┌─ Data shown

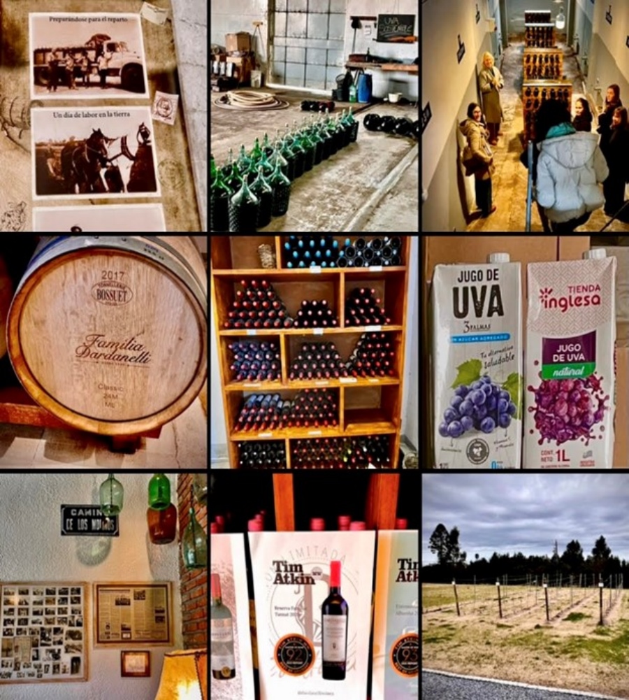 1.Hay una serie de fotografías que cuentan la historia de los ancestros europeos; 2. Las damajuanas persisten en los almacenes; 3. Parte de la charla de Alba Dardanelli que ofreció al grupo; 4. Barrica; 5. Variedad de vinos que produce la empresa; 6. Elaboran jugo de uva para Tienda Inglesa (sin fermentar, no lleva azúcar, ni levaduras); 7. Se ubica en calle Caminos de los Molinos como establece el cartel; 8. Premios obtenidos; 9. La vid en sus cuatro variedades porque a los visitantes les gusta probar del propio viñedo, expresó la propietaria.
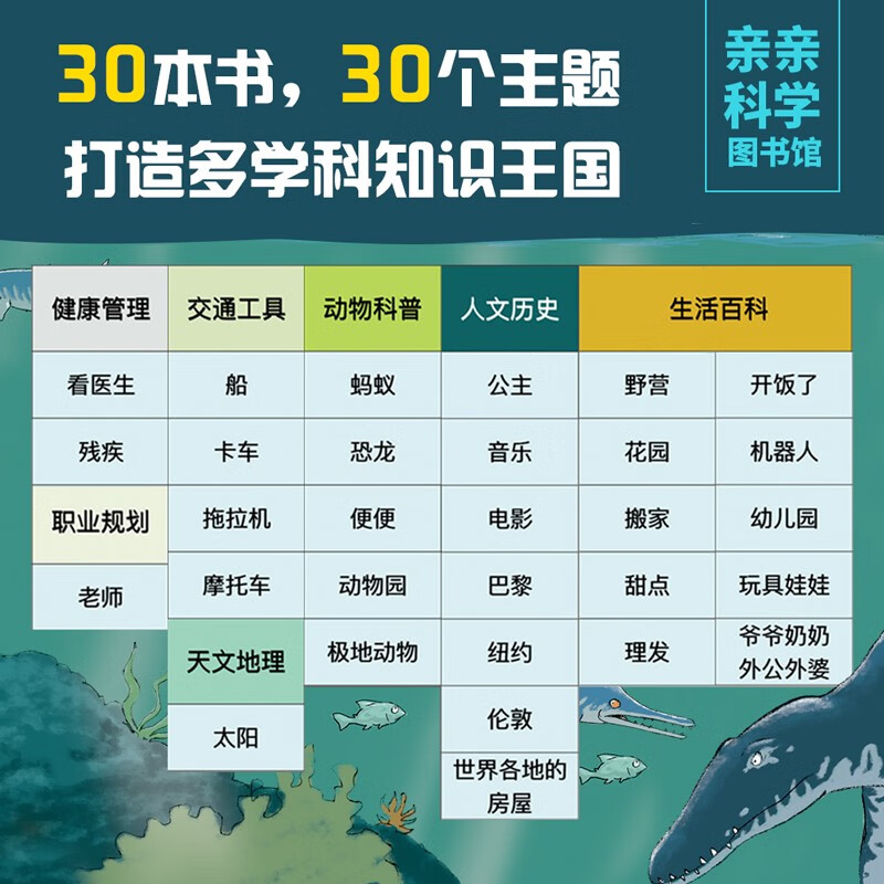 《亲亲科学图书馆》是一套专为3~6岁的儿童量身打造的科学启蒙图画书,引进自法国米兰出版社(Editions Milan),内容包罗万象,风靡法国,畅销数年不衰。文字简短,有教育意义;知识中穿插有趣的情景故事,让孩子在轻松活泼的氛围中,亲近科学、热爱科学。系列中的每一册分别围绕一个主题,多角度诠释,培养孩子的发散性思维;多学科编排原则,为孩子认识世界赋予更加广阔的视野。本系列插画作者都是法国著名的童书插画师,全系列大多采用生动活泼的场景插画,使孩子们有亲临事物现场的感觉,从而在心灵和视觉上会有深刻的感受。这次出版的《亲亲科学图书馆》礼盒装共有30册,包括5~7辑。
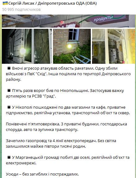 П'ять разів ворог бив по Нікопольщині. Застосував важку артилерію та РСЗВ "Град".
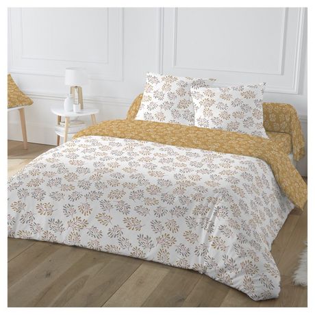Parure housse de couette 1 ou 2 personne(s) + taie(s) d'oreiller en toile polyester et coton. Un ravissant motif végétal doublé d'un verso super déco pour une chambre paisible où il fait bon vivre, et une matière douce au toucher qui sèche vite et ne demande qu'un léger repassage... un linge de lit à s'offrir les yeux fermés, avec le drap-housse coordonné pour que le plaisir soit complet ! Housse de couette à base droite.

└─

## The problem:
From the first line to the last, repeat the listing exactly and skip its images.

## Answer section:
 1.Hay una serie de fotografías que cuentan la historia de los ancestros europeos; 2. Las damajuanas persisten en los almacenes; 3. Parte de la charla de Alba Dardanelli que ofreció al grupo; 4. Barrica; 5. Variedad de vinos que produce la empresa; 6. Elaboran jugo de uva para Tienda Inglesa (sin fermentar, no lleva azúcar, ni levaduras); 7. Se ubica en calle Caminos de los Molinos como establece el cartel; 8. Premios obtenidos; 9. La vid en sus cuatro variedades porque a los visitantes les gusta probar del propio viñedo, expresó la propietaria.
 《亲亲科学图书馆》是一套专为3~6岁的儿童量身打造的科学启蒙图画书,引进自法国米兰出版社(Editions Milan),内容包罗万象,风靡法国,畅销数年不衰。文字简短,有教育意义;知识中穿插有趣的情景故事,让孩子在轻松活泼的氛围中,亲近科学、热爱科学。系列中的每一册分别围绕一个主题,多角度诠释,培养孩子的发散性思维;多学科编排原则,为孩子认识世界赋予更加广阔的视野。本系列插画作者都是法国著名的童书插画师,全系列大多采用生动活泼的场景插画,使孩子们有亲临事物现场的感觉,从而在心灵和视觉上会有深刻的感受。这次出版的《亲亲科学图书馆》礼盒装共有30册,包括5~7辑。
 П'ять разів ворог бив по Нікопольщині. Застосував важку артилерію та РСЗВ "Град".
Parure housse de couette 1 ou 2 personne(s) + taie(s) d'oreiller en toile polyester et coton. Un ravissant motif végétal doublé d'un verso super déco pour une chambre paisible où il fait bon vivre, et une matière douce au toucher qui sèche vite et ne demande qu'un léger repassage... un linge de lit à s'offrir les yeux fermés, avec le drap-housse coordonné pour que le plaisir soit complet ! Housse de couette à base droite.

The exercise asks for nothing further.